#### [Data section]
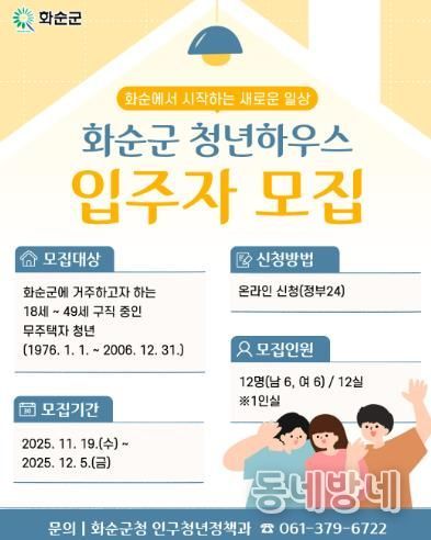 동네방네 김형규 기자 | 화순군은 지역 청년의 안정적인 주거환경 조성과 자립 기반 마련을 위해 2026년 화순군 청년하우스 입주자 모집을 11월 19일부터 12월 5일까지 진행한다고 밝혔다.
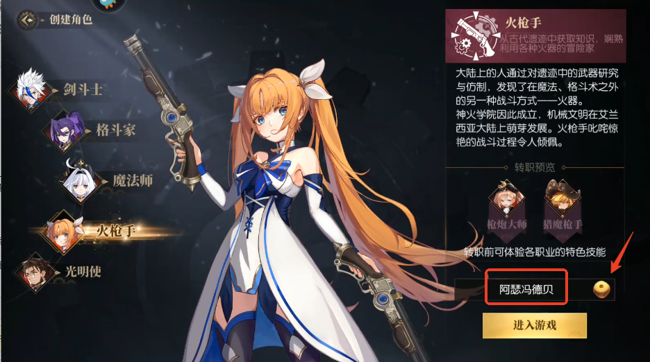 9、可以转职为驱魔枪手和枪炮大师,枪炮大师一看就火力充足。玩家选好职业点击“进入游戏”就可以开始你的全新游戏生涯了!
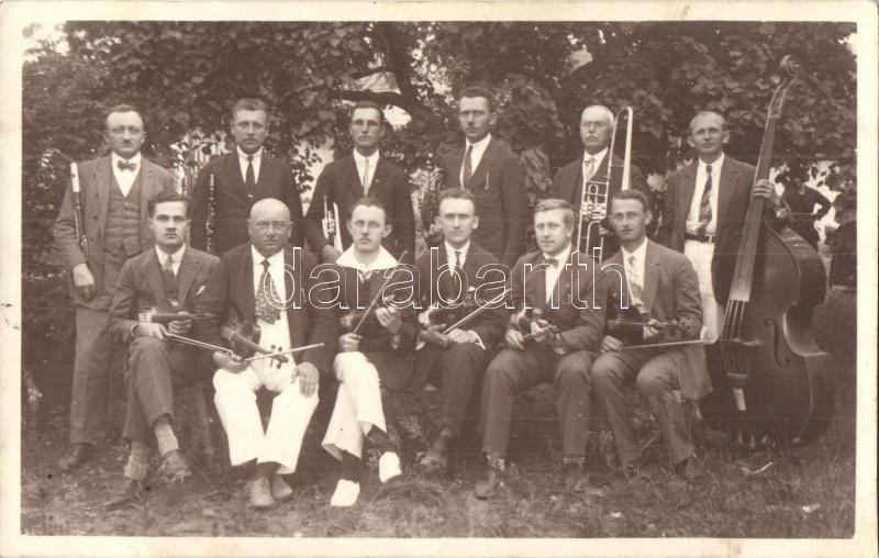 Music band, group photo (fl) https://www.darabanth.com/de/328-Fernauktion/328.0/Ansichtskarten/Musik-Musikanten~2000093/Music-band-group-photo-fl~II1832408
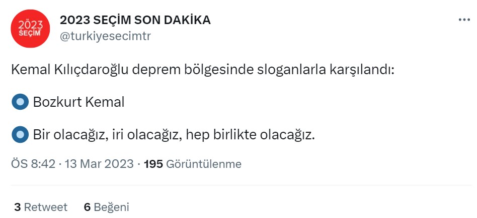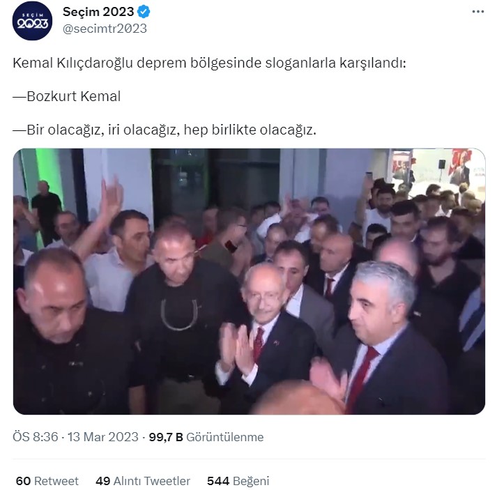 Siyasiler hakkında ortaya atılan pek çok söylemi inceliyoruz. Geçtiğimiz günlerde yapılan bir paylaşımda, CHP Genel Başkanı ve Millet İttifakı’nın Cumhurbaşkanı adayı Kemal Kılıçdaroğlu’nun, deprem bölgesinde ‘Bozkurt Kemal’ sloganlarıyla karşılandığı öne sürüldü.
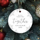 Personalised first Christmas together ornaments feature elegant trendy script and snowflakes in light grey, black and white, optional couple photo on the back, modern and simple.

#### [What to work on]
All of the entries above are to be restated word for word, minus the images.

#### [Answer to this task]
 동네방네 김형규 기자 | 화순군은 지역 청년의 안정적인 주거환경 조성과 자립 기반 마련을 위해 2026년 화순군 청년하우스 입주자 모집을 11월 19일부터 12월 5일까지 진행한다고 밝혔다.
 9、可以转职为驱魔枪手和枪炮大师,枪炮大师一看就火力充足。玩家选好职业点击“进入游戏”就可以开始你的全新游戏生涯了!
 Music band, group photo (fl) https://www.darabanth.com/de/328-Fernauktion/328.0/Ansichtskarten/Musik-Musikanten~2000093/Music-band-group-photo-fl~II1832408
 Siyasiler hakkında ortaya atılan pek çok söylemi inceliyoruz. Geçtiğimiz günlerde yapılan bir paylaşımda, CHP Genel Başkanı ve Millet İttifakı’nın Cumhurbaşkanı adayı Kemal Kılıçdaroğlu’nun, deprem bölgesinde ‘Bozkurt Kemal’ sloganlarıyla karşılandığı öne sürüldü.
 Personalised first Christmas together ornaments feature elegant trendy script and snowflakes in light grey, black and white, optional couple photo on the back, modern and simple.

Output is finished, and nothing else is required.